Шевельнулась. Живот тянет немного, а во всем прочем — хорошо! Легко, словно пушинка она какая. Попыталась аккуратно из-под лапы мужниной выбраться. Глаз жёлтый Чудо приоткрывает, зевает сонно, жену к себе жмёт, пускать не хочет. Засмеялась девка, мужа обнимает за шею, шепчет ласково:

— Не волнуйся, Чудо мое лесное, любимое, я только к ручью выйду, воды наберу, да ягод поищу, чтоб с чем мясо было запечь к обеду!

Хмурится слегка Зверь, не хочет с женой даже на миг краткий расставаться. Но и неволить супружницу не желает — разжал лапы, выпустил из объятий надежных да желанных.

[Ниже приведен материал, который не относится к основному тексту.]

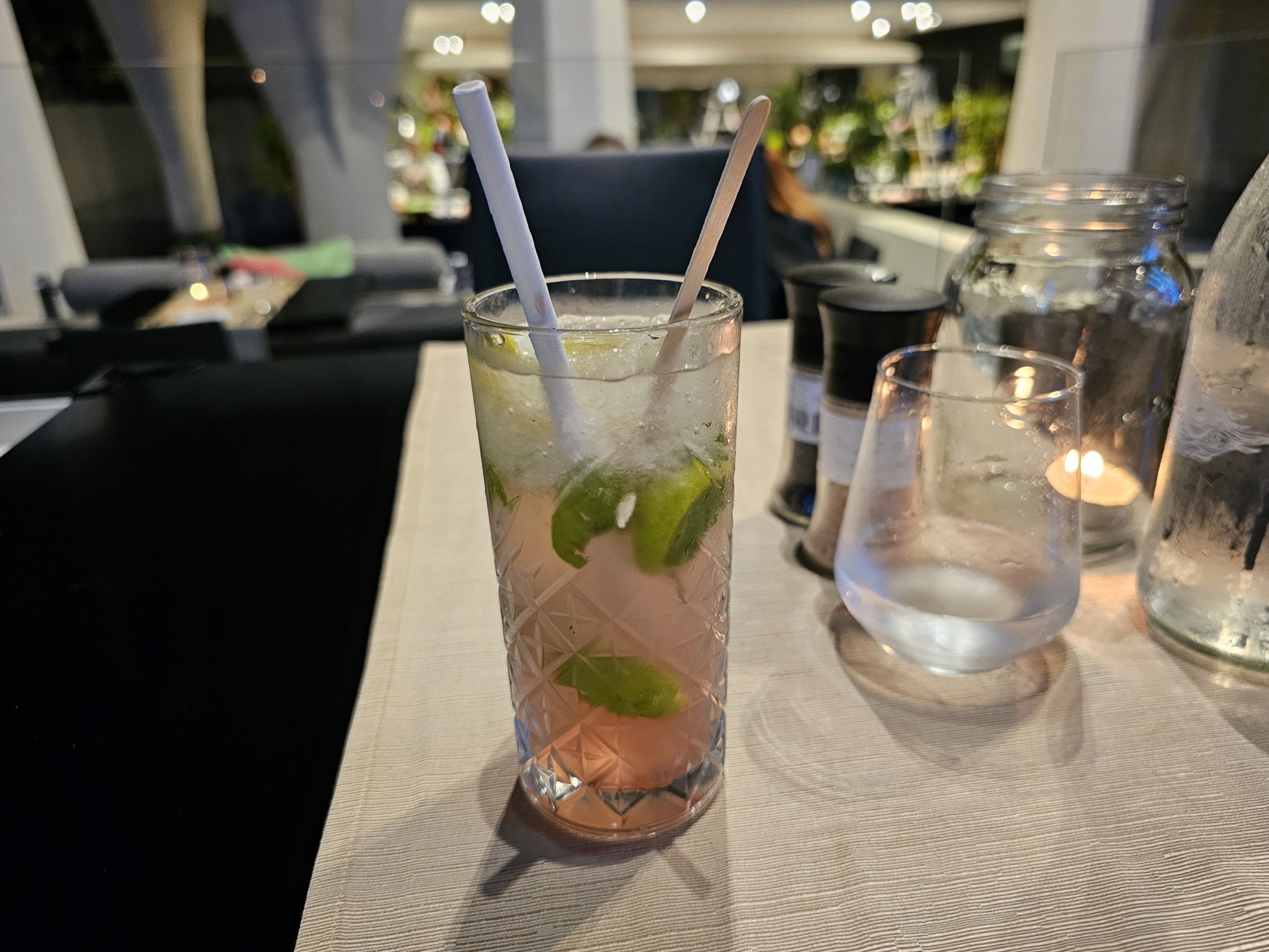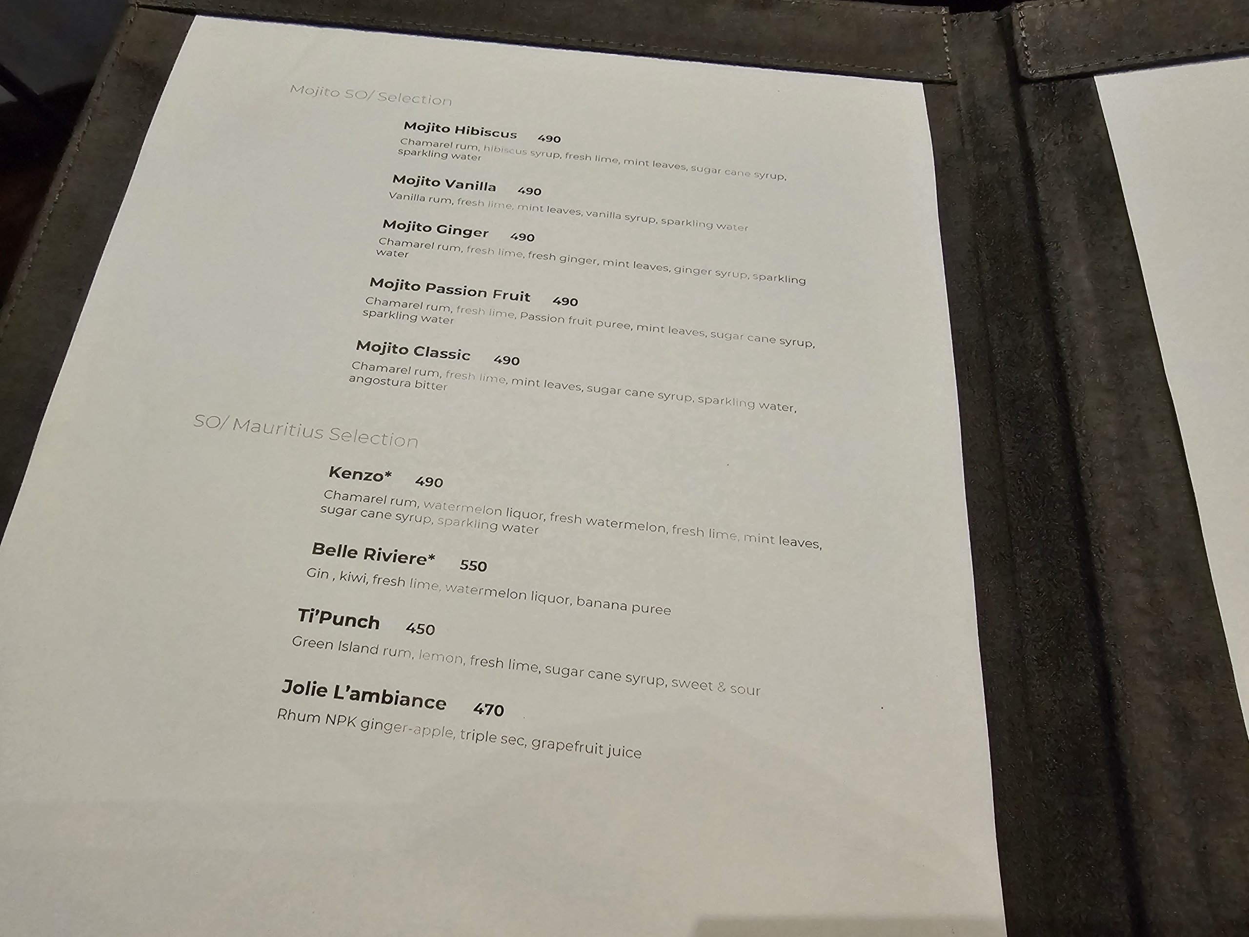 Ήπια επίσης ένα υπέροχο μοχίτο με ιβίσκο στο μπαρ Takamaka μετά το δείπνο με 490 mur.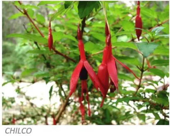 Chilco (Fuchsia  magellanica)  Es un arbusto erguido. Las hojas son lanceoladas de borde dentado. Las flores son colgantes salen de las axilas de las hojas, los pétalos son morados del mismo tamaño formando como un tubo, tienen largos peciolos y sépalos de color rojo. Los frutos son alargados y carnosos rojo violáceos casi negros de 1 a 2 cm crece en los bosques Andino patagónicos de Argentina y Chile,  en zonas húmedas, se los ve generalmente a la vera de vertientes de agua y humedales.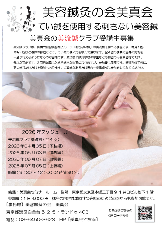 美真会会員・一般鍼灸師、学生4000円 非会員鍼灸師・鍼灸学生は初回のみお試し参加可能4000円 |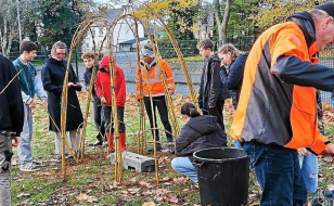 Les jeunes du DIME construisent une cabane en osier vivant à l’entrée du collège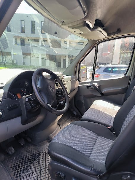 Dodávka skriňová Mercedes Sprinter, 3mieste, diaľničná, prevádzková hmotnosť 2080kg, celková technická 3500kg, takže odvezie cca 1400kg v rámci pasažierov.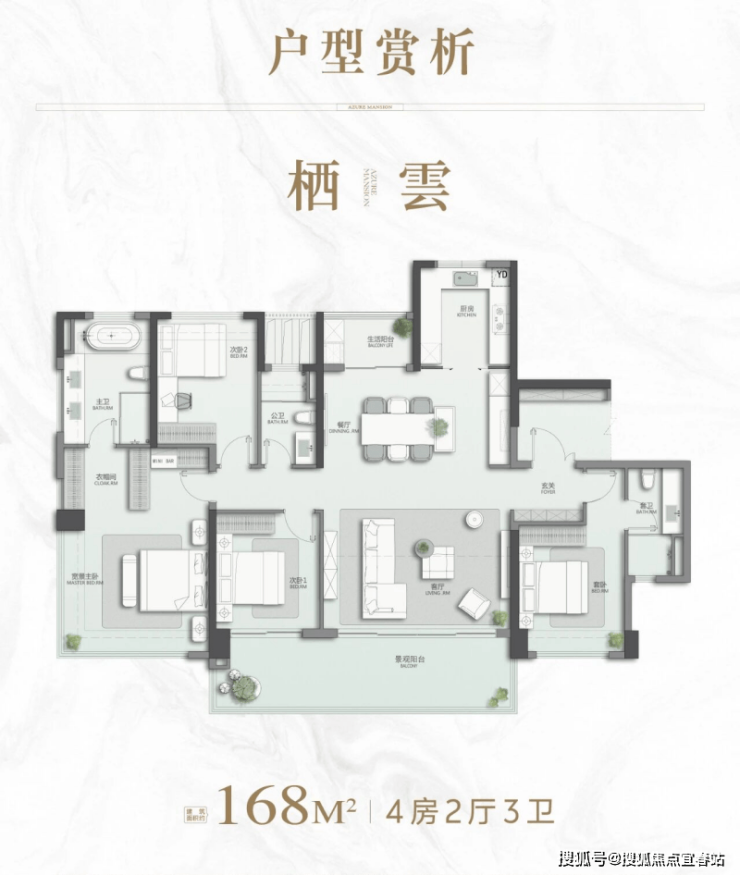 168㎡户型则配备双独立套房,主卫采用酒店式双台盆和浴缸设计,尤其适合三代同堂家庭。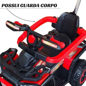 Especificações: Marca: importway Modelo: bw370 Produto indicado para crianças a partir de 3 anos Bateria recarregável 6v Cores: vermelho, azul e rosa Possui apoio para os pés, guarda corpo, barra de empurrar e cobertura Possui luz e música Peso máximo: 23kg Produto certificado pelo inmetro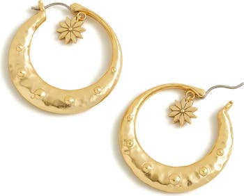 Starburst charms hang from the interior of these gleaming hoop earrings plated in goldtone with a hammered finish.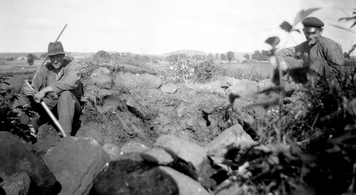 Utgrävning av förmodat röse på Nya Åsle gård, Några obrända ben hittades. Nu bortodlat.

Поцеловала мужа в кончик жвала странного Пёся — и поднимается, ловко одежду надевает. Потянулся муж устало, проворчал что-то ласковое, глаза снова прикрыл — утомила его ночь, огня наполненная. Улыбнулась девка, из пещеры выскользнула — и к реке. По сторонам глянула, смущенно кровь с бедер отмыла, рубаху поправила, по течению поднялась повыше, напилась воды холодной, в ведерко набрала, на коромысло повесила.